Les satellites d'observation d'Astrium sont au top niveau en matière de détection. Ils embarquent des capteurs d'image développés à l'Institut supérieur de l'aéronautique et de l'espace (Isae, 11e de notre classement). Impossible en effet de passer outre cette école dans le domaine aérospatial. Vivier de recrutement pour les entreprises, elle est présente au sein du pôle de compétitivité Aerospace valley, et tisse des liens avec les PME et les entreprises de taille intermédiaire du secteur, au cours de journées de rencontres organisées avec ses étudiants.

La collaboration entre l'Isae et les grands groupes - EADS, Thales, Airbus, Safran, Eurocopter - se fait au travers du Conseil de l'industrie, une instance de dialogue où les industriels orientent la politique scientifique de l'école.

C'est dans ce cadre qu'Astrium, Matra à l'époque, repère au milieu des années 1990 des recherches prometteuses sur les imageurs Cmos, des capteurs à même de concurrencer la technologie CCD. Le spécialiste français du spatial finance les recherches de l'Isae dès 1998. « L'équipe Cimi (Conception d'imageurs matriciels intégrés) avait à l'époque les bonnes compétences pour démarrer l'étude sur les besoins spatiaux », témoigne Thierry Duhamel, directeur R&D adjoint de la division satellites d'Astrium. Depuis, la technologie Cmos a intégré nombre d'appareils électroniques, des caméras de téléphones portables aux appareils photo reflex. Mais ceux embarqués dans les satellites sont autrement plus sophistiqués : « les détecteurs Cmos placés en orbite ont des performances intrinsèques plus élevées, ainsi qu'un haut degré de résistance aux radiations », explique Thierry Duhamel.

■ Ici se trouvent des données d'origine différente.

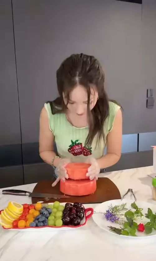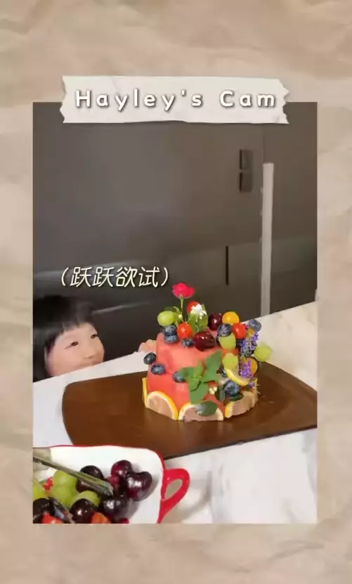 李亞男在IG分享製作「西瓜蛋糕」的影片,可見「西瓜蛋糕」顧名思義就是用西瓜做「蛋糕胚」,再配上不同的水果及李亞男家自己種的鮮花作裝飾,相當有心思!成品色彩繽紛好吸睛,連李亞男細女Hayley都被吸引,蠢蠢欲動想偷食!除了蛋糕,李亞男還準備了一份小禮送給Jared,並表示:「Happy birthday Jared , hope you like the watermelon cake.(生日快樂Jared,希望你喜歡西瓜蛋糕。)」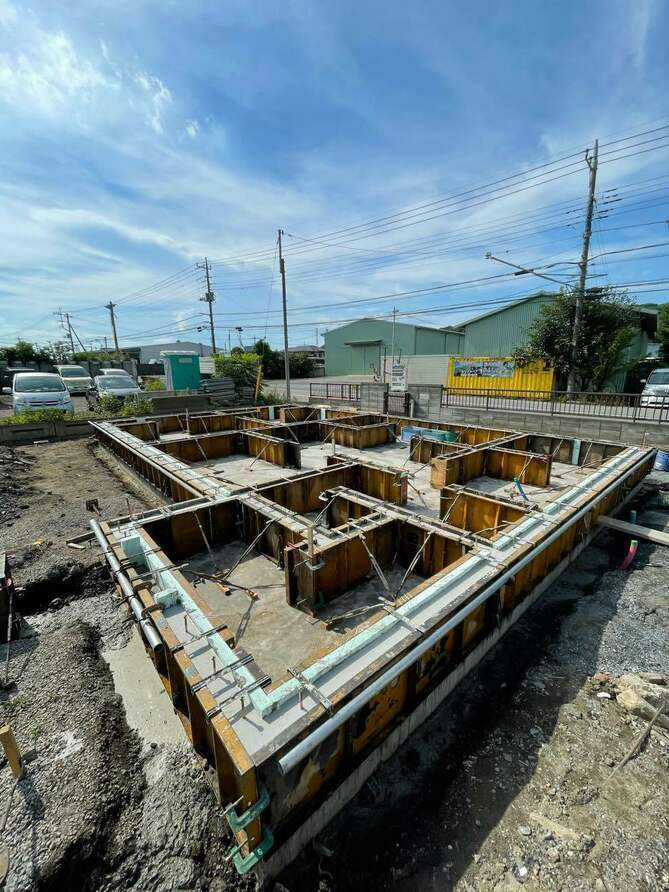何となく間取りが見えてきたような感じですね!全ての立ち上がりの型枠にコンクリートを流し込み、しっかり固まるまで数日置いて、型枠をばらすと基礎工事の完成です。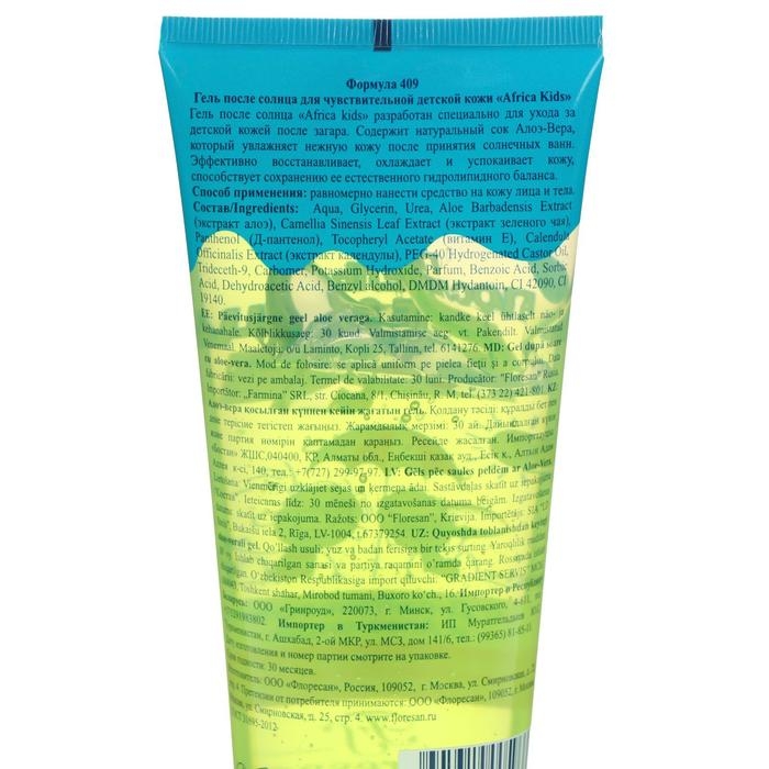 Гель после солнца Africa kids прекрасно ухаживает за детской кожей после загара. Входящий в состав натуральный сок Алоэ вера увлажняет лицо и тело после принятия солнечных ванн, не вызывая ощущения сухости. Средство эффективно восстанавливает, охлаждает и успокаивает кожу, а также сохраняет её естественный гидролипидный баланс. Способ применения: равномерно нанесите средство на лицо и тело. Для детей от 3-х лет.

L'originalité du partenariat tient à l'implication des chercheurs dans l'activité de développement. L'équipe de huit personnes maîtrise l'ensemble de la chaîne de production des capteurs Cmos : « le cahier des charges est fixé et transmis au fabricant, et au retour le détecteur est qualifié, caractérisé en termes de performances », souligne Frédéric Thivet, directeur des recherches à l'Isae. L'industriel n'a alors plus qu'à intégrer le capteur à son outil d'imagerie.

Les contrats signés avec Astrium profitent aussi à l'école

Plus de dix ans après les premiers échanges avec Astrium, une chaire industrielle est née pour fixer les moyens financiers et humains investis par les deux parties. Et la technologie Cmos a fait d'énormes progrès : les imageurs sont plus petits, intègrent le traitement du signal, et ont une résolution beaucoup plus fine. L'école profite de retombées financières quand Astrium conclut des contrats avec ses clients. Comme en 2010, lorsque l'industriel a vendu le satellite d'observation des océans COMS à la Corée-du-Sud, embarquant un capteur Cmos. Ou encore, dans le cadre d'un programme européen de surveillance de l'environnement pour le compte de l'Agence spatiale européenne (Esa), pour lequel Astrium prépare actuellement la deuxième génération de satellites, équipée des imageurs doublés d'un filtre infrarouge.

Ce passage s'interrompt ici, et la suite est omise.